I cannot say whether the function so modified will *work* in the BSIM-SiC, but I can say for sure that making these changes to the analog function will get you past both of these specific processing failures.  The first addresses the ADMS parser limitation, the second Xyce/ADMS's other limitation.

[Albert Kumar]

Thank you. Yes, the model works with Spectre, but not with Xyce.

You were right fixing these two issues opened up a bunch of other issues, but I think I fixed most of them.Just a note that buildxyceplugin doesn't seem to like the non-input argument "integer nf" inside the conditional statements. It seems like only input argument variables are allowed inside the conditionals. Am I incorrect?

Now, I'm stuck with the fatal message listed below. I checked line 1100 in the xml file, but I don't understand the issue. Any suggestions?

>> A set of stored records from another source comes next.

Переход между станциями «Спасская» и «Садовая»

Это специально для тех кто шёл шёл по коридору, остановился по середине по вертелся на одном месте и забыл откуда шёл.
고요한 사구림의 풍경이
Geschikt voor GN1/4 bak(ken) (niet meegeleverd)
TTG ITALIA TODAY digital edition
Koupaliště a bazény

[info...] -x: skipping any implicit xml scripts
[info...] admsXml-2.3.7 (unknown) Dec  1 2022 21:58:57
[info...] Top-level analog/code assigns to 241 variables.
[fatal..] Template not found:
[fatal..]   <admst:template match="xyceAnalogFunctions:callfunction"/>
[fatal..]   see:  [/opt/Xyce-7.5/Serial/share/xml/xyceAnalogFunction_nosac.xml:1100]

[xyce-users]

Quick bit of pedantry:  "buildxyceplugin" is just a script that invokes ADMS with the Xyce/ADMS backend code generator and runs the C++ compiler on it.  The problem here is with Xyce/ADMS (and the very first issue of begin/end missing was an issue with ADMS).

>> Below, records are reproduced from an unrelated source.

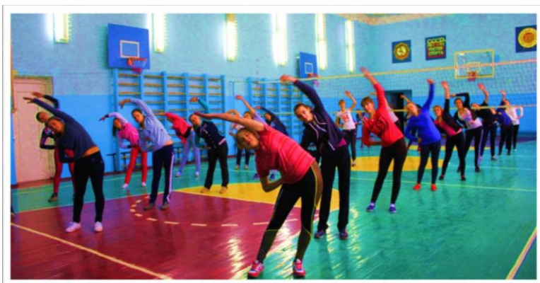
Рис. 1.1. Педагогічна у ЗВО проводиться в закладах вищої освіти.

Навчальна педагогічна у ЗВО проводиться в навчальних закладах вищої освіти (рис. 1.1.). Її спрямування - підготовка до роботи викладачем закладу вищої освіти на кафедрах фізкультурно-спортивного спрямування. Її змістом є формування здатностей виконувати посадові обов'язки викладача закладу вищої освіти; ознайомлення з структурою і організацією роботи кафедр фізкультурного та спортивного спрямування; формування умінь та навичок планування процесу фізичного виховання студентів, методики проведення учбових занять та занять спортивного вдосконалення.
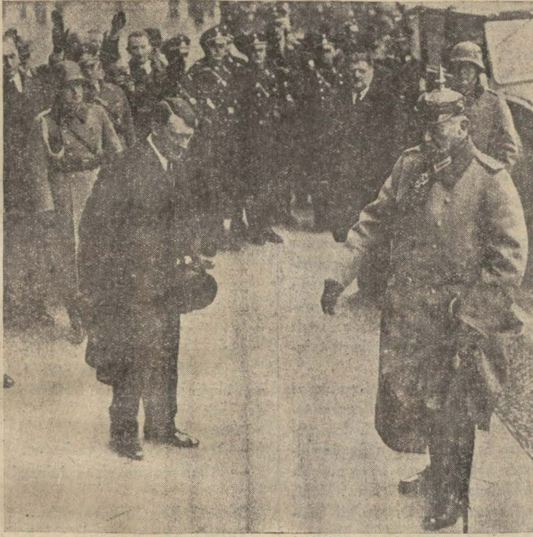
M. Hitler, Alman Reichcumhuru Mareşal Hindenburgun karşısında eğiliyor

Marlenenin yerinde bulunan diğer her hangi bir kadın böyle bir teklifi memnuniyetle kabul eder ve ilk trene binerek Almanya'ya giderdi. Halbuki Marlene teklifi kabul etmemiş, Amerikada artist-
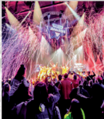
VEED AWARDS 2019 AFAS LIVE
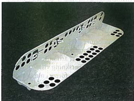
Ikeas lastlist. Lastlisten är en logistikdriven förpackningsinnovation som reducerar både kostnad och miljöpåverkan i hela kedjan.

Nyckeln till effektiva varuflöden är välfyllda lastutrymmen och välanpassade förpack-
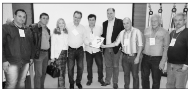
Assinatura do Termo de Cooperação Técnica

O projeto ‘Cidades Inteligentes’, por sua vez, é o novo escopo do consórcio, que hoje congrega mais de 150 municípios paranaenses. O Cindepar, idealizado pelo
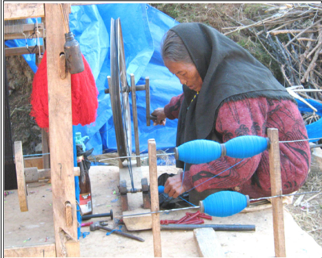
घरेलु तान मार्फत धागो काट्दै रुकुम पूर्वकी एक महिला । यहाँका महिलाहरु स्थानीय कचचा पर्दाथको प्रयोग गरेर राडिपाखी निर्माण गर्ने गर्दछन् ।
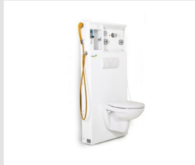
Modell mit WC: Mit Desinfektion, Duschfunktion und integriertem Patienten WC
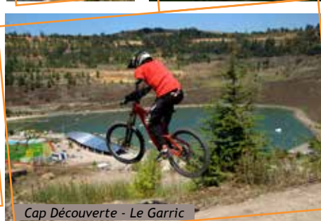
Cap Découverte - Le Garric

I'm not sure what you mean by "does not seem to like the non-input argument "integer nf" inside the conditional statements."  The modified function I posted needed to use the integer "nf" because of how Xyce/ADMS generates code for the modulus operator %.  While the Verilog-A standard gives clear guidance for what A%B should mean when A and B are not both integers, Xyce/ADMS simply emits "A%B" and lets the C++ compiler handle it.  C++ does not like it when A and B are not both integers, and you'd get a C++ compile time error if you used the real variable there.  That's why you have to use the integer nf in this particular conditional.  Were the conditional statement not using the modulus operator, using the real variable would be fine.

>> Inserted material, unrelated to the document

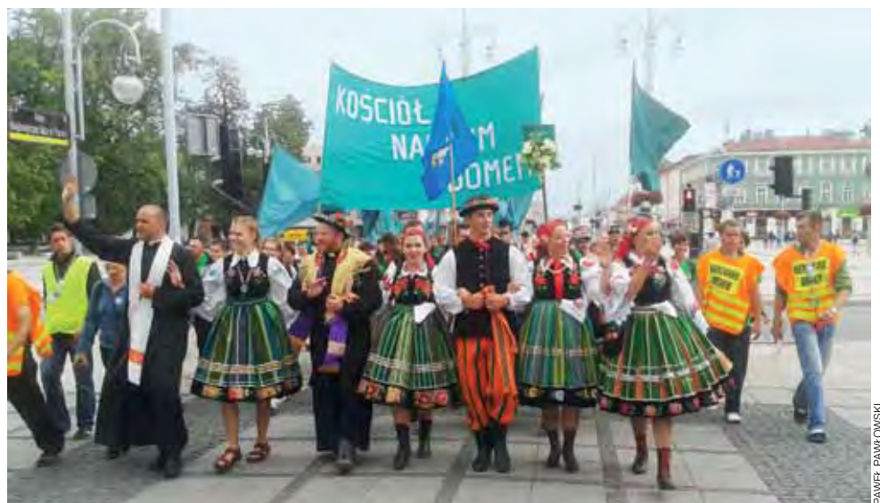
Grupa zielona tuż przed wejściem na Jasną Górę. Część pątników do sanktuarium weszła w łowickich strojach ludowych.

■ O tej samej godzinie, w Łowiczu na ul. Piątkowskiej policjanci zatrzymali pijanego kierowcę. 56-letni mieszkaniec Skierniewic kierował samochodem marki Volkswagen mając 0,91 mg/dm 3 alkoholu w wydychanym powietrzu.
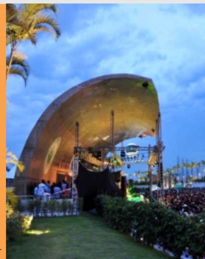
Sombra Projetada: obra de 2008 <-

Parque Garota de Ipanema. Avenida Francisco Bhering, s/nº. Grátis. 6, 13, 20 e 27 de agosto, 9h/21h30. Parque Madureira. Rua Soares Caldeira, 115. 7, 14, 21 e 28 de agosto, 9h/21h30. Grátis

I cannot  give a quick answer to your question about the last error you're stuck with without access to the verilog-A source, and even then probably can't spend the time hunting down the fix.  However, what happening here is that something in some analog function is using a "callfunction" and callfunctions from within analog functions are not yet implemented (and may never be in Xyce/ADMS).  "callfunctions" are things like "$strobe","$bound_step", "$write", "$warning", that sort of thing.  So if you've got an analog function that is using one of those, that's the problem.

[Albert Kumar]

Below is a simplified function. I get a "not declared in this scope" error due to the "integer nf" variable on line 5.

If I use "real nf" then there is no error, but of course there is no purpose.

Is this expected?
1  analog function real get_nuintd;                                                                      
2      input nfr;
3      real nfr;
4      begin
5          integer nf;
6          nf = nfr;   // "nf=1.3" still gives an error.                                
7          get_nuintd = 1.0*nf;
8      end
9   endfunction

I thought it was because inside a conditional "if" and there was perhaps a scope issue, but it's not related - sorry for the confusion. Below is the log file.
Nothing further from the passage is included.